1. Technical Field
The present invention relates in general to address translation facilities in processors and in particular to logic circuits in processors for calculating effective addresses. Still more particularly, the present invention relates to effective address calculation in a processor which provides early determination of the next data fetch address.
2. Description of the Related Art
The address translation process is a necessary function in modern processors. Often the address translation circuits are directly in the critical path. For this reason, improvements in the delay or starting time of the translation circuits will usually be of substantial value. Address translation performance is also critical because load and store processor instructions, which require address translations, generally comprise a large percentage of the instructions encountered during execution of typical code by a processor.
The address translation process starts with an effective address (EA) to be translated, then uses that address to determine the physical address in memory corresponding to the effective address. During a fetch from memory, the first step in the process is to determine the specific effective address that must be fetched. This determination is usually calculated with some type of adder circuit. The address calculation is followed by a fetch from a local cache if possible, and is completed with the actual delivery of results from the requested location in physical memory.
While the local cache fetch is being executed, a second circuit executes an address translation on the fetch address so that the correspondence between the effective address and the physical address is known. Absent some alternative, a full translation of the effective address to the physical address is required to retrieve the instruction or data from memory. However, the complete translation of an effective address to a physical address is lengthy process. Therefore, faster methods of determining the physical address to be accessed may be executed concurrently with the full address translation process.
A translation cache, also known as a translation array or translation lookaside buffer (TLB), containing known address translations may be employed to speed translation. The entries in the translation lookaside buffer contain translations of effective address to physical address for data in the local cache. When a translation array is employed, the cached addresses are indexed by a field from the effective address. To access the translation cache, an effective address must be generated, followed by a wordline decode to provide a signal indicating which entry in the translation cache should be employed.
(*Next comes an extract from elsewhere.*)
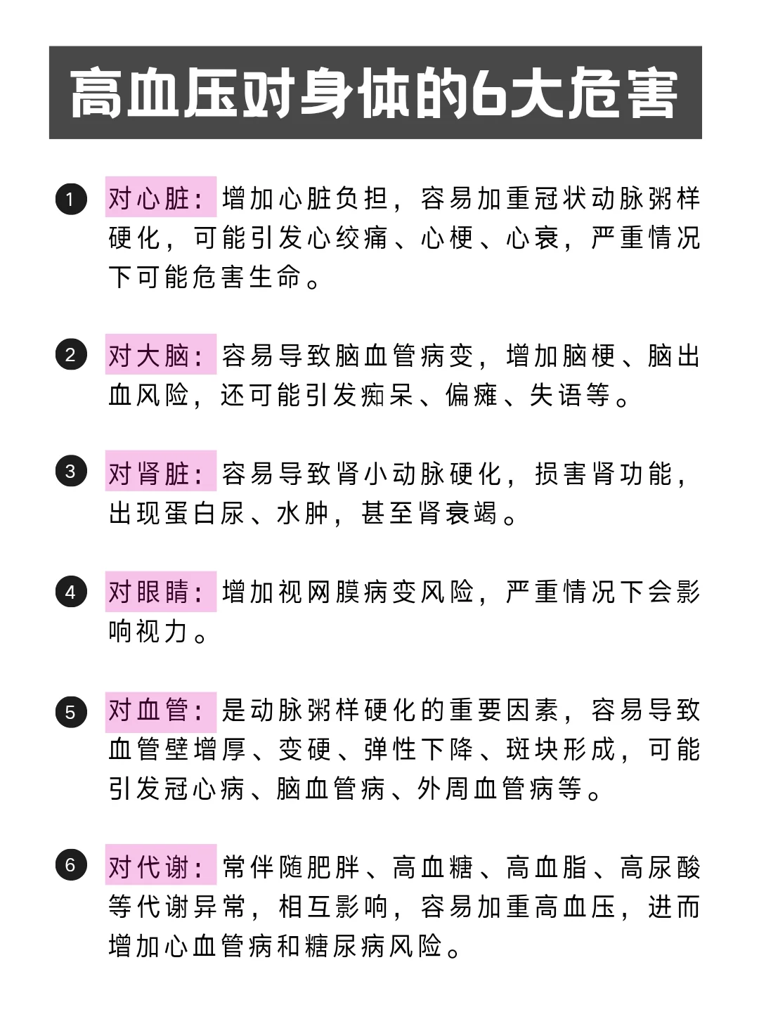 [向右R]再加上高盐饮食、过度劳累、情绪激动、长期久坐、吸烟、喝酒等不良行为,只会让血压越来越高,长期如此就会引发一系列严重健康问题:

The generation of an effective address is accomplished by adding two 32-bit numbers to form the next effective address to be translated and fetched. Conceptually, this effective address is generated by taking the previous fetch address and adding a 32 bit offset to form a 32 bit result address. Efficient implementations of the necessary 32 bit adder are known. However, a 32 bit sum result requires more time to generate that sum results of smaller sizes. It would be desirable therefore, to reduce the process of effective address generation to an addition of smaller numbers. It would also be advantageous to combine the addition process necessary to generate and effective address with the decode process utilized to determine which translation cache entry should be employed. Either improvement would speed performance of the processor's address translation mechanism, significantly improving the overall performance of the processor. It would be desirable for the improvement to comprise a simple, cost effective modification to existing processor designs.